Sessoms surrendered himself. The police conducted his interview without using duress, threats, force, or making any promises.   Before the officers even began their interview, Sessoms asked whether a lawyer was available, but not that he wanted counsel or refused to talk.  The officers, without answering, advised him of his Miranda rights. Under established Supreme Court precedent, an ambiguous answer from a suspect in custody to the two rights of silence and counsel authorizes the officer to clarify the response; U.S. v.
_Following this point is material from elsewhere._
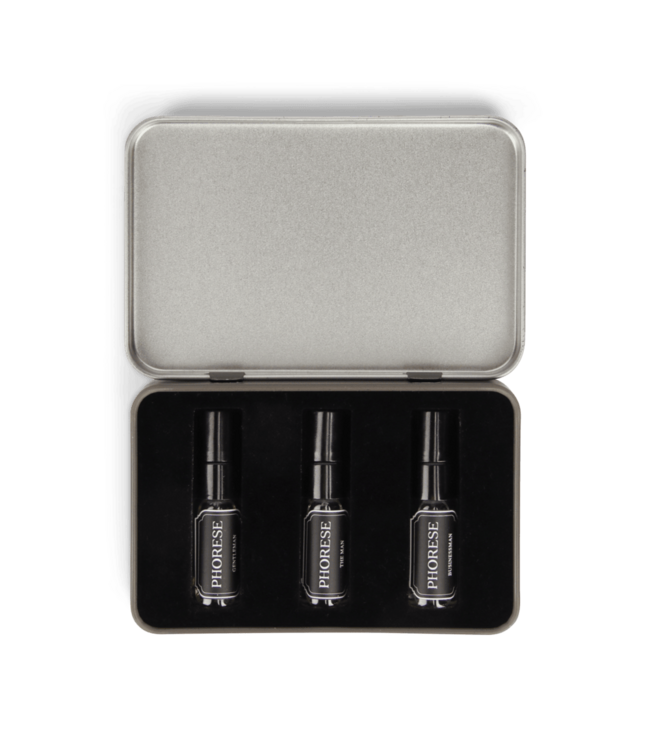 De set bevat drie samples van elk 2,5 ml, zodat je de parfums meerdere keren kunt dragen en echt kunt ervaren. Phorese is ontwikkeld vanuit één eenvoudige gedachte: één geur past niet bij elk moment. Daarom heeft elke geur een eigen karakter en gelegenheid.

Davis, 512 U.S. 452 (1994). 

Davis is the leading case on this issue confirming the right of officers to clarify an ambiguous answer after informing a suspect of Miranda rights.  But Sessoms opened the conversation before the officers said anything.  According to the 9th Circuit, Davis only applies to ambiguous answers after advisement of Miranda rights, not  before.

Congress enacted AEDPA to prevent just this kind of sophistry.  When a decision of 11 en banc judges splits 6-5, a prior 9th Circuit panel has affirmed a district court judge, and a state appellate panel has affirmed the conviction on direct appeal, that 6 en banc judges can tell all these other judges the state court decision is “unreasonable” is judicial.hubris.

Note: Sessoms is one of innumerable reversals by the 9th Circuit evading AEDPA. Another example: Jackson v. Nevada, 2012 WL 3156377 (C.A. 9 ). The trial judge excluded evidence submitted by the defense.  The state court upheld the conviction; the district court on habeas agreed.  On appeal, the 9th Circuit ostensibly applied AEDPA and reversed.  

 These two cases are examples of numerous decisions by the 9th Circuit ignoring the restrictions of AEDPA.  In the last term of the Supreme Court, the Justices verbally lashed the 9th Circuit for its repeated evasion of AEDPA, but the underlying problem is a linguistic one.  AEDPA uses the word “unreasonable” application of Supreme Court law to warrant federal court reversal of a state court decisions on habeas corpus.  The word “unreasonable” is abstract, not concrete, incapable of application without the surrounding circumstances and even then involves a subjective opinion.  Whether the majority en banc panel interprets Sessom’s remarks in violation of Miranda or not, the court is mandated to affirm the state court decision unless the interpretation is “unreasonable.” 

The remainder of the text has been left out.